Eating Disorders: Can take many forms - Anorexia Nervosa and Bulimia Nervosa are just the most common. Please also see addiction link.
At some point in our lives, it is highly likely that most of us have been on some form of diet, have been unhappy with the way we look or the shape we are. However. for some the need to diet or change the body shape becomes extreme. Eating disorders can present in many ways with an overlapping of symptoms but perhaps the two most commonly known are anorexia nervosa and bulimia. These disorders share common elements and a shifting between the two is not unusual, i.e. those suffering with anorexia may also have bulimic eating patterns. They also differ significantly as people with bulimia are more concerned with their physical attractiveness and are rarely underweight unlike most anorexia sufferers.
Anorexia Nervosa
Anorexia was first identified back in the late 19th century, the dominant features are: a refusal to maintain healthy body weight, a distorted body image, a fear of becoming fat (with the overall aim to become as thin as possible), eating and food rituals, the cessation of menstruation and often an extreme amount of exercise. The restriction of food often provides the anorexic with feelings of power - which may not be normally experienced in their life. Despite their avoidance of eating, most people with anorexia are consumed with thoughts of food. Unfortunately other psychological problems such as, depression, anxiety and obsessive compulsive disorder tend to co-exist with anorexia.
Facts and Figures
- Between 80 and 90% of reported cases are female.
- The typical age of onset is between 14 and 18 years.
- A study by Loewe at al. (2001) found that 21 years after the initial diagnosis of anorexia, just over half were considered to have made full recovery, 21% were partially recovered, 10% showed little or no improvement and 10% were dead of anorexic related causes (few had sought any treatment or help).
Bulimia
The dominant features of bulimia are recurring periods of binge eating and then self-induced vomiting (always initiated by binge eating). The vomiting acts as a compensatory behaviour and occurs at least twice a week, providing relief for the guilt of binging and gaining feelings of control. Often a person with bulimia then experiences a short lived inflated self-esteem and competence, is often on a high or feels relaxed and drained by the behaviour. The amount of calories consumed during binge eating is often vast, up to and beyond 5000 and these are usually consumed secretively and rapidly with little pleasure derived. Bulimia is said to be a cycle of:
• psychological tension → binge eating → feelings of loss of control, self-blame and guilt → vomiting.
Facts and Figures
(Anderson and Maloney 2001)
- Approximately 80-90% of people with bulimia vomit after eating (to control their weight).

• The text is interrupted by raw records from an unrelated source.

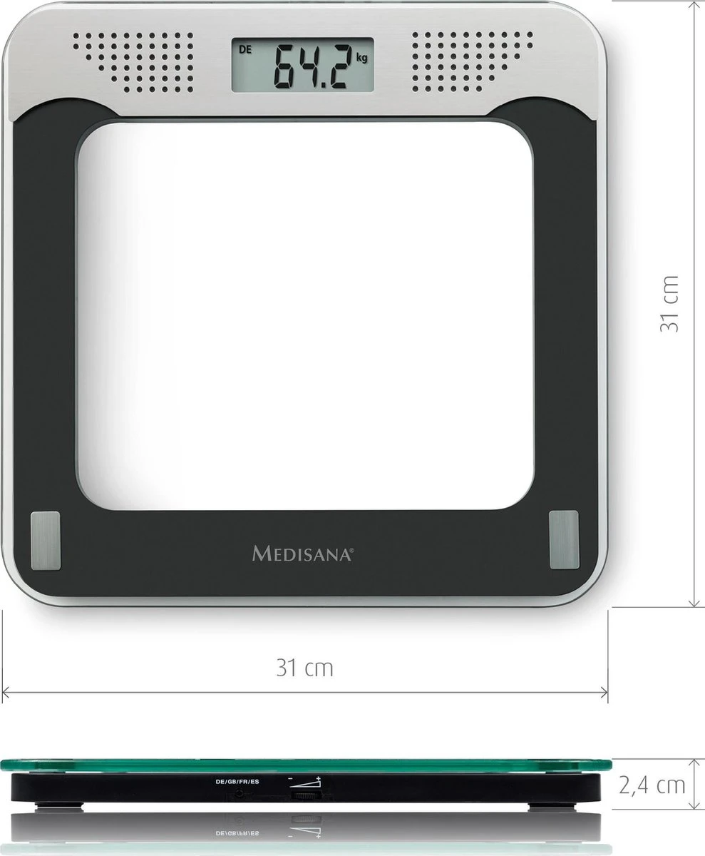 Deze praktische Medisana PS416 weegschaal met exclusief design is gemaakt van 6 mm dik veiligheidsglas met afgeronde hoeken. Ook aflezen van het gewicht is gemakkelijk dankzij het LCD-display. De vier sensoren zorgen daarnaast voor een nauwkeurig meetresultaat.
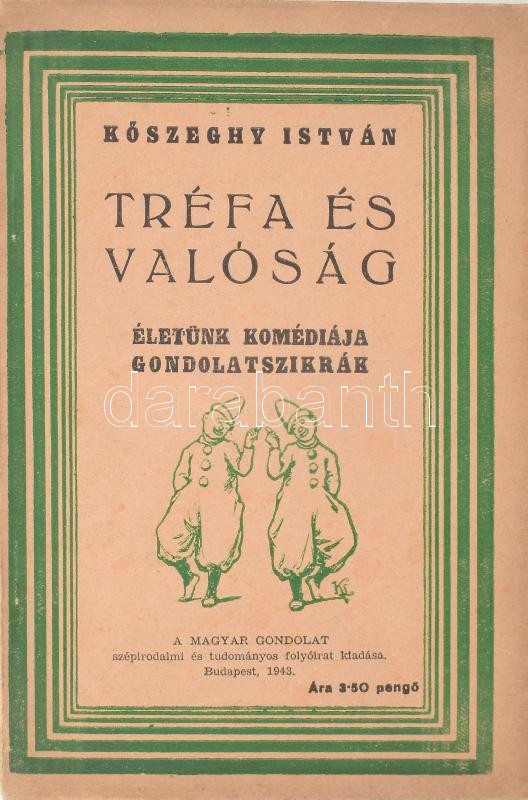 Kőszeghy István: Tréfa és valóság. Életünk komédiája tréfás versekben. Gondolatszatírák aranymondásokban. Bp., 1943, Magyar Gondolat, 60+(4) p. Kiadói papírkötés.
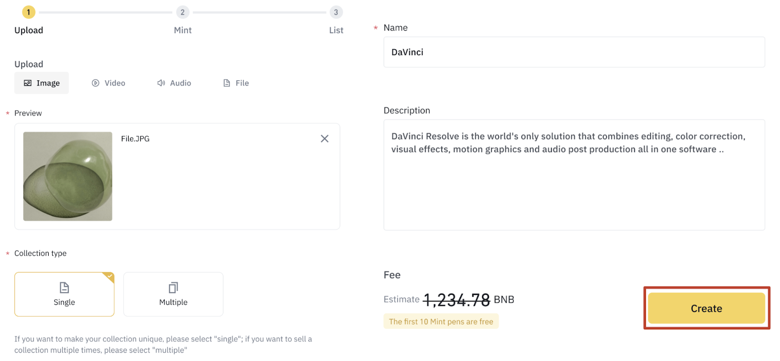 上傳您想轉換為NFT的圖像、影片、音頻或文件後,填寫相關的非同質化代幣詳細資訊。這些訊息包括是要鑄造單一NFT或是一整個系列的NFT。確保您有足夠的BNB以支付鑄造費,然後點擊 [Create]。
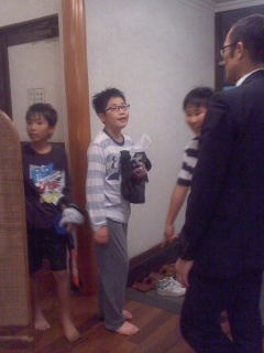 部屋に荷物を置いた後、放送の合図で避難訓練をしました。部屋に戻り、部屋ごとに入浴タイムです。
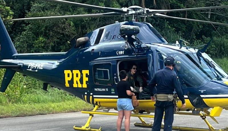Imediatamente, os policiais iniciaram uma escolta terrestre até o pátio do pedágio de Garuva, enquanto a central acionava o serviço aeromédico.
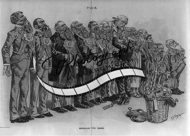 Muzzling the press,Benjamin Harrison,1833-1901,muzzles
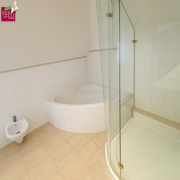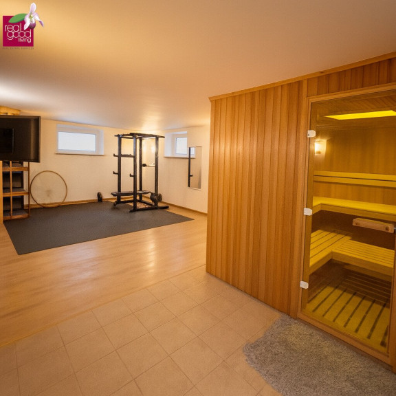 Fliesen, Parkett, Etagenheizung, Fußbodenheizung, Einbauküche, Bad mit Fenster, Badewanne, Dusche, Kabel/Satelliten-TV, Garage, Sauna, Swimmingpool
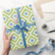 Blue Green Diamonds Ikat Pattern Geschenkpapier
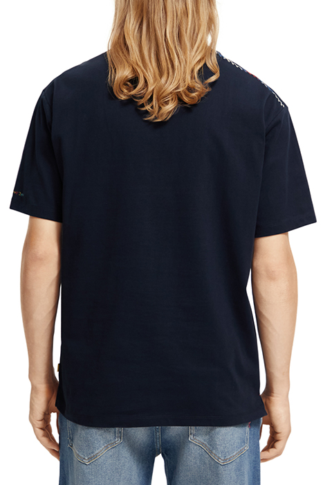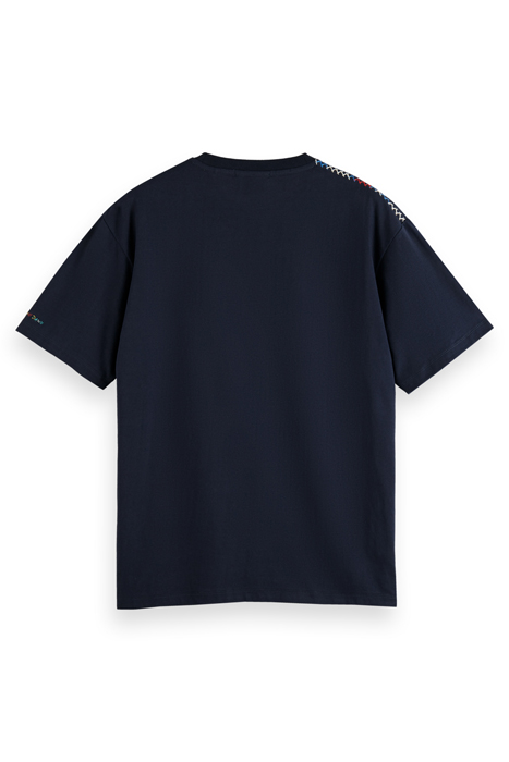 Elevate your casual wardrobe with this effortlessly cool Bandana Applique T-Shirt from Scotch & Soda. Crafted from high-quality materials, this stylish tee features a unique bandana applique design on the front, giving it a trendy and edgy look. The classic navy color adds versatility, making it easy to pair with your favorite jeans or shorts for a laid-back yet stylish outfit. Perfect for everyday wear or a casual night out, this T-shirt is a must-have addition to your wardrobe. Add a touch of personality to your look with this standout piece from Scotch & Soda.
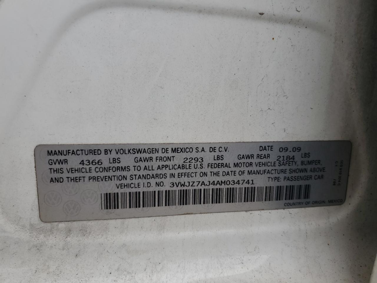 VOLKSWAGEN JETTA 2.5 2010 г.в., (3VWJZ7AJ4AM034741) из США
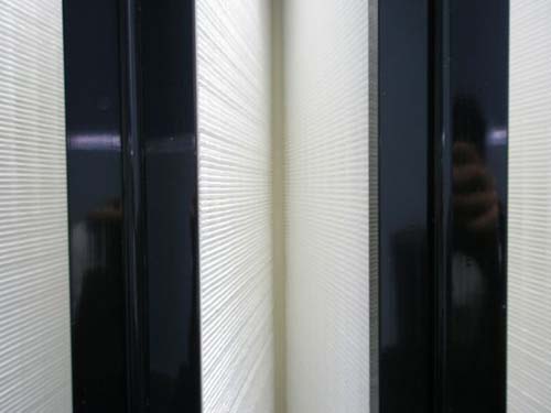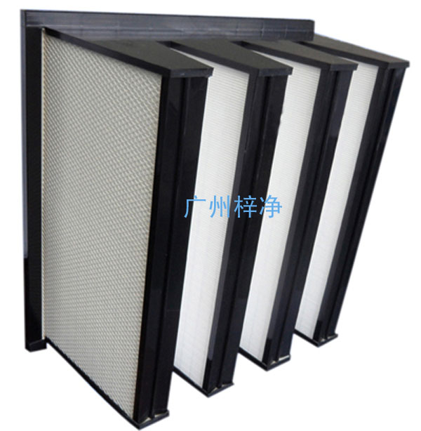 此處過濾器的效率規(guī)格一般為全部都是有隔板結構,褶距約8mm的玻璃纖維濾紙由瓦楞狀的鋁箔隔開。由于要耐高溫,濾紙與過濾器金屬外框間的粘合與密封問題是關鍵,密封結構要可靠,密封材料的成本又不能太高。
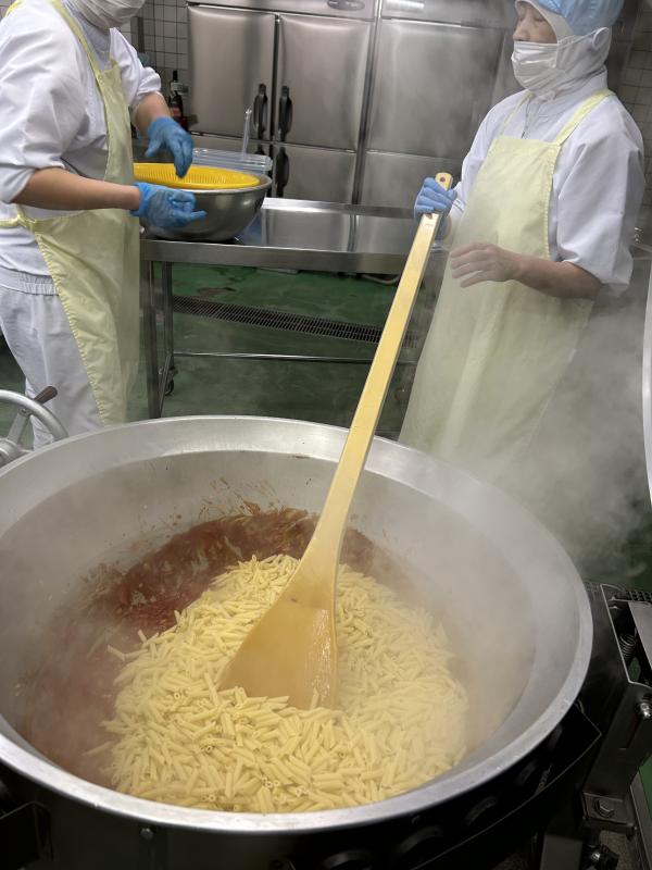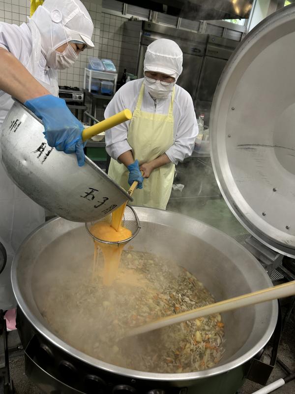 具は混ぜることを考えて少し濃いめの味付けにしています。調理場で炊いた炊き立てのご飯はやっぱりおいしいです!
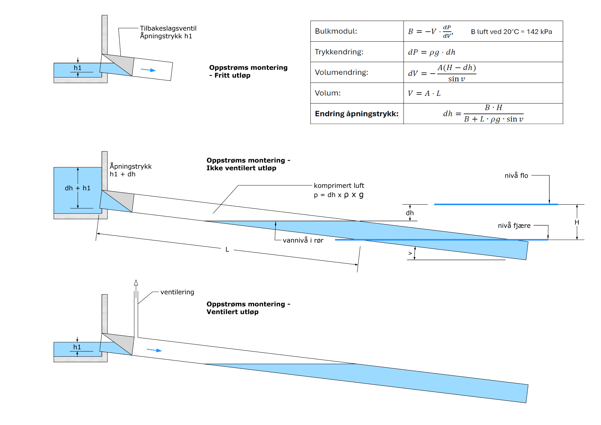 Ved oppstrøms montering av tilbakeslagsventil, bør behovet for ventilering av rørstrekket nedstrøms tilbakeslagsventilen vurderes. Uten ventilering vil luft som fanges i rørstrekket nedstrøms ventilen komprimeres ved endring av vannivået i resipienten. Luftrykket vil virke på ventilen, og kreve økt oppstrøms trykk for at den åpner og slipper vann ut (differansen mellom oppstrøms og nedstrøms trykk må overstige oppgitte åpningstrykk). Effekten av lufttrykk i røret kan beregnes ved hjelp av Bulk modulen, og påvirkes av rørvolum, fall og nivåforskjell mellom flo og fjære. Ved visse forhold kan effekten på åpningstrykket være markant.
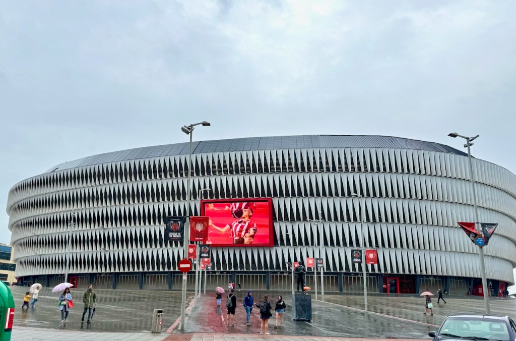 Ihan ensimmäinen ihmeteltävä nähtävyys oli tämä, San Marnésin liikuntahalli. Päivää aikaisemmin Bilbaossa oli järjestetty 2024 jalkapallon Mestarien liigan finaali.

- 1/3 of people with bulimia use laxatives.
- Approximately 2/3 of people with bulimia exercise excessively.
- Are more likely to have been overweight in the past.
- Are more likely to be impulsive and be susceptible to emotional instability
| A guide to some symptoms: | Physical symptoms | Psychological symtpms |
| Anorexia Nervosa | Skin rashes Poor circulation Dizziness Anemia Dangerous low body weight Irregular thyroid Water retension | Perfectionist expectations Relationship problems Views seld as 'fat' History of abuse/assault Overly compliant Highly motivated Ritualised behaviours |
| Bulimia | Swollen glands Susceptability to infections Irregular heart rate Persistant acne Menstrual irregularity Frequent diarrhea / constipation Water retension Dental erosion | Impulsive behaviours Intense attachments Preoccupation with weight Depression Suicidal thoughts Poor self-esteem Extreme sense of guilt Mood swings |
If you would like any futher information not covered in these brief descriptions, please contact us.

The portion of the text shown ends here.